Which of the following is the solution to the matrix equation below?

[0 9 2] [18]
[3 2 1] x=[5]
[1 -1 0] [-1]

a) [-3 -2 18]

b) [-3 2 -18]

c) [-3]
[-2]
[18]

d)[-3]
[2]
[-18]

To find the solution to the matrix equation, you need to solve for the values of x, y, and z in the equation Ax = b, where A is the given matrix, x is the unknown vector, and b is the right-hand side vector.

To solve this equation, you can use the inverse of matrix A. If A is invertible, the solution to the equation is given by x = A^(-1)b.

First, you need to calculate the inverse of matrix A. If A is a 3x3 matrix [a b c; d e f; g h i], the formula to calculate its inverse is:

A^(-1) = (1/det(A)) * adj(A)

Where det(A) is the determinant of matrix A, and adj(A) is the adjugate of A.
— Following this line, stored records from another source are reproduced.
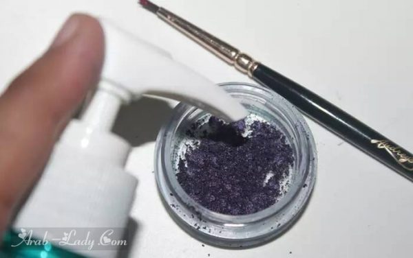 - اغسلي يدك جيداً وعقميها، ثم حولي مسحوق الايشادو إلى آيلاينر ملون بالطريقة التالية.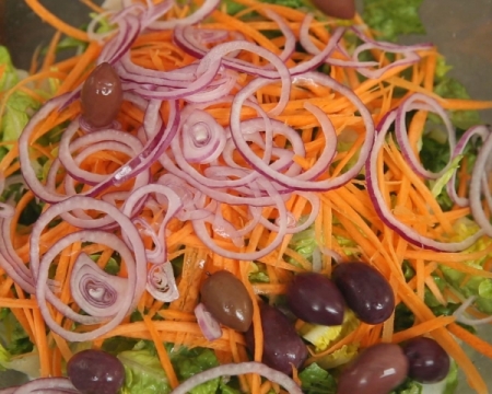 | Така подготвените зеленчуци се смесват в купа, прибавят се и маслините. |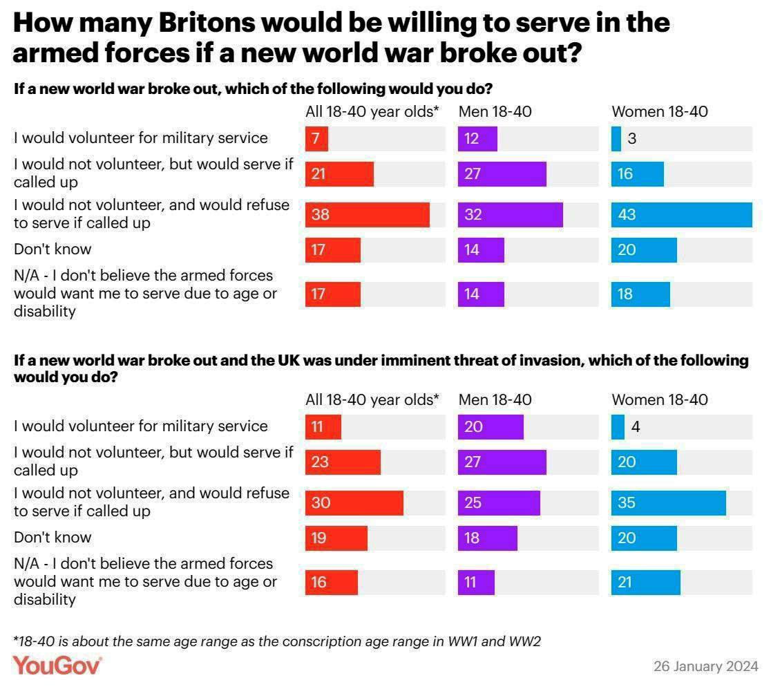 - Suurbritannias ainult 20% meestest (18-40-aastased) läheb vabatahtlikuks ja 27% mobiliseeritakse ajateenistuse teel otsese kallaletungimise ohu korral. Naiste toetuse tase on vastavalt 4% ja 20%. 30% inimestest keelduks ajateenistusest.

Calculating the determinant:
det(A) = 0(2*0 - (-1)*(-1)) - 9(3*0 - (-1)*1) + 2(3*(-1) - 2*1)
= 0 - 9(-1) + 2(-5)
= -9 + (-10)
= -19

Calculating the adjugate:
adj(A) = [e*i - f*h, -(d*i - f*g), d*h - e*g;
-(b*i - c*h), a*i - c*g, -(a*h - b*g);
b*f - c*e, -(a*f - c*d), a*e - b*d]
= [2*0 - 1*(-1), -((3*0 - 1*1)), 3*(-1) - 2*1;
- (9*0 - 1*(-1)), 0*0 - 1*2, - (0*(-1) - 1*3);
9*(-1) - 2*0, - (0*(-1) - 9*3), 0*0 - 9*2]
= [1, -1, -5;
1, -2, 3;
-9, -27, 0]

Now, you can calculate the inverse of matrix A:
A^(-1) = (1/det(A)) * adj(A)
= (-1/19) * [1, -1, -5;
1, -2, 3;
-9, -27, 0]
= [-(1/19), 1/19, 5/19;
-(1/19), 2/19, -3/19;
9/19, 27/19, 0]

Next, multiply the inverse of matrix A by the vector b to find the solution x:
x = A^(-1)b
= [-(1/19), 1/19, 5/19; -(1/19), 2/19, -3/19; 9/19, 27/19, 0] * [18; 5; -1]
= [(-1/19)*18 + (1/19)*5 + (5/19)*(-1); (-(1/19))*18 + (2/19)*5 + (-3/19)*(-1); (9/19)*18 + (27/19)*5 + 0*(-1)]
= [-3; 2; -18]

Therefore, the solution to the matrix equation is x = [-3; 2; -18].

The correct answer from the given options is d) [-3; 2; -18].